**Task goal**. Retype word for word the stretch of entries below from the line that has "Figure out as" through the line that has "This stone displays", and omit the pictures.

START Dataset extract

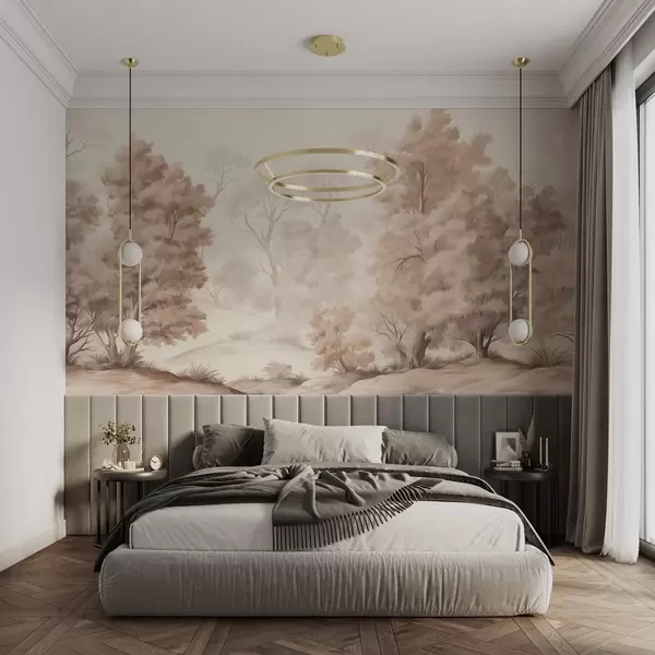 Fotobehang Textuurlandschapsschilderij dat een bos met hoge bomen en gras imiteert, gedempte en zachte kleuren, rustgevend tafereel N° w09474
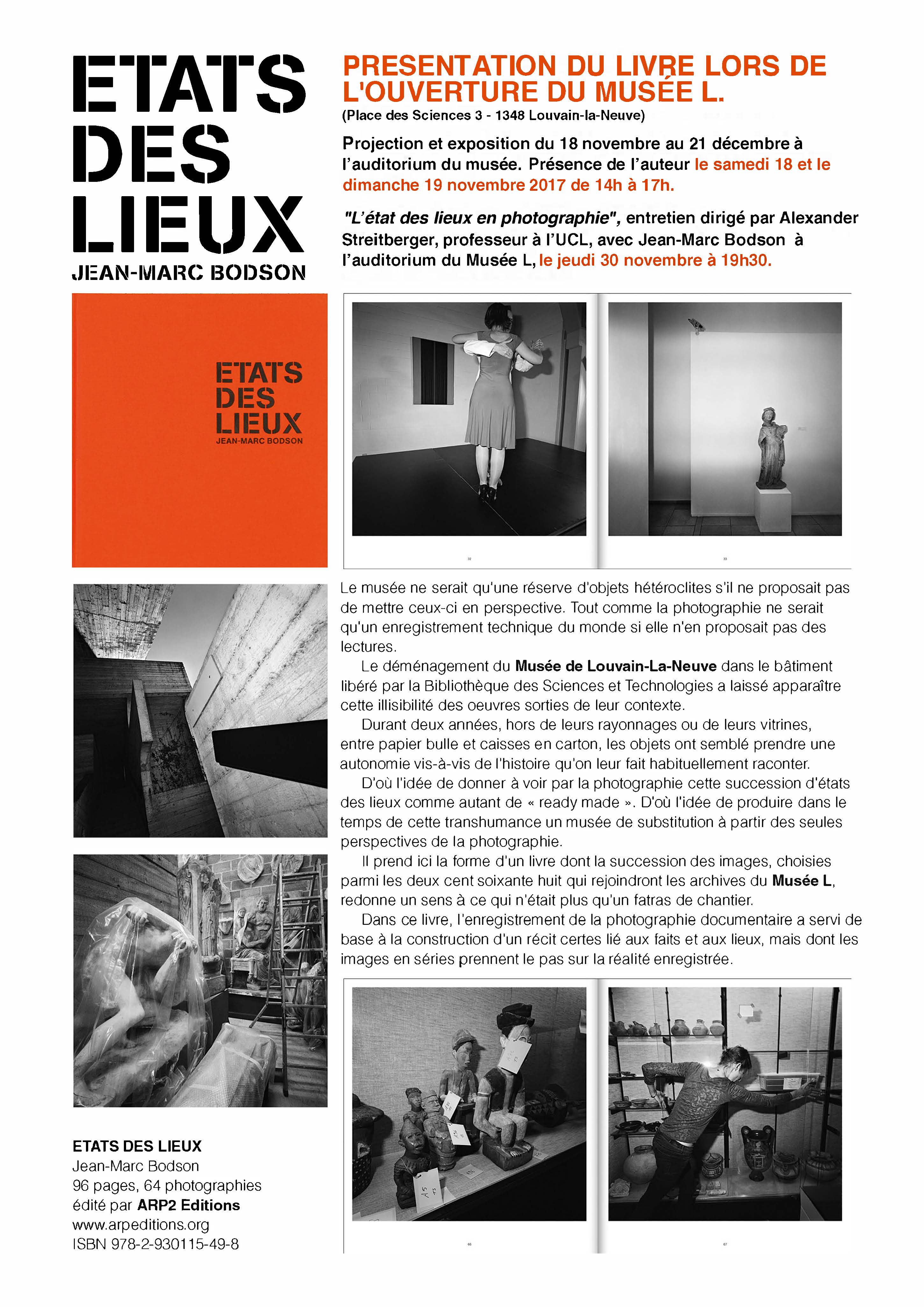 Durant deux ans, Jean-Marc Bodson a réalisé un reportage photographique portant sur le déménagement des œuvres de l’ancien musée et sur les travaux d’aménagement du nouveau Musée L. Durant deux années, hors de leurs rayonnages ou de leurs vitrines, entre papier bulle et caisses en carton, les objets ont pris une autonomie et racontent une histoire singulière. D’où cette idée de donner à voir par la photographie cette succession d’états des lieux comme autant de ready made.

END Dataset extract
START Dataset extract

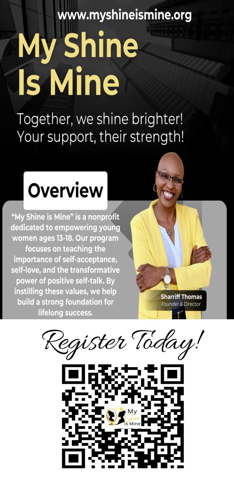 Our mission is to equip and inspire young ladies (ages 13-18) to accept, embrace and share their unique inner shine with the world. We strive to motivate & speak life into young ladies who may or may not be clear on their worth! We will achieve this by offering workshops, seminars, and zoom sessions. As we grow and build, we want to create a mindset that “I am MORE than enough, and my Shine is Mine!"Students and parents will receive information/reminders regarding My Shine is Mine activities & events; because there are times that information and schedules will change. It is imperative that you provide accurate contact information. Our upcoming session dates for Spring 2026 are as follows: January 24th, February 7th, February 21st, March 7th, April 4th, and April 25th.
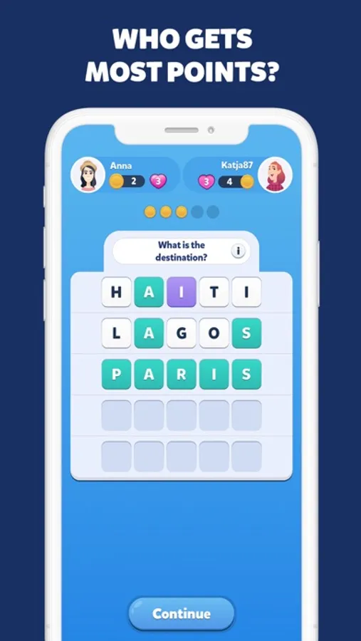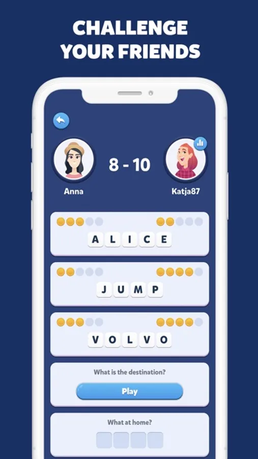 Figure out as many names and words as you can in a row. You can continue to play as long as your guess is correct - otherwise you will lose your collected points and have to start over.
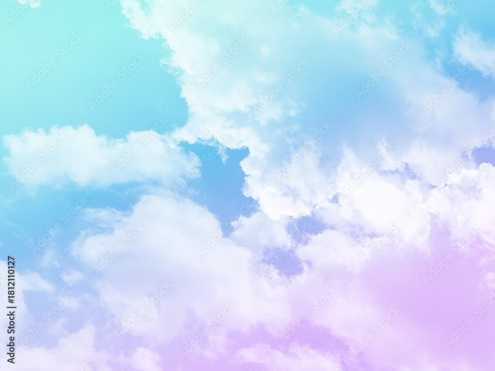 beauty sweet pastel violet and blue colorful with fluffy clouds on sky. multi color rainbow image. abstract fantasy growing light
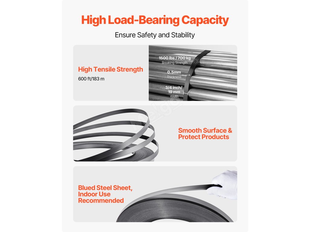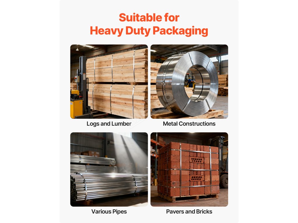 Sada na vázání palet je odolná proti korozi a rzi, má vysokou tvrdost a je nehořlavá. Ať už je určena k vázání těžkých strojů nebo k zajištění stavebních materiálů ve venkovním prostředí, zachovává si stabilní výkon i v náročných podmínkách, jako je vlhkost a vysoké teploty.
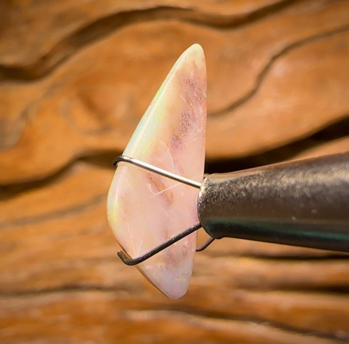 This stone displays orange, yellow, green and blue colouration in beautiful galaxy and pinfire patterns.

END Dataset extract
START Dataset extract

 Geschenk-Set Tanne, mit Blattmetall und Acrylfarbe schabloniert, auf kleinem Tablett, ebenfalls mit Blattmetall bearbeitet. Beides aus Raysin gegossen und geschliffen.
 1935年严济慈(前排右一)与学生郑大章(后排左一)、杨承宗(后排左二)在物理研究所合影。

END Dataset extract

**Output for this exercise**.
 Figure out as many names and words as you can in a row. You can continue to play as long as your guess is correct - otherwise you will lose your collected points and have to start over.
 beauty sweet pastel violet and blue colorful with fluffy clouds on sky. multi color rainbow image. abstract fantasy growing light
 Sada na vázání palet je odolná proti korozi a rzi, má vysokou tvrdost a je nehořlavá. Ať už je určena k vázání těžkých strojů nebo k zajištění stavebních materiálů ve venkovním prostředí, zachovává si stabilní výkon i v náročných podmínkách, jako je vlhkost a vysoké teploty.
 This stone displays orange, yellow, green and blue colouration in beautiful galaxy and pinfire patterns.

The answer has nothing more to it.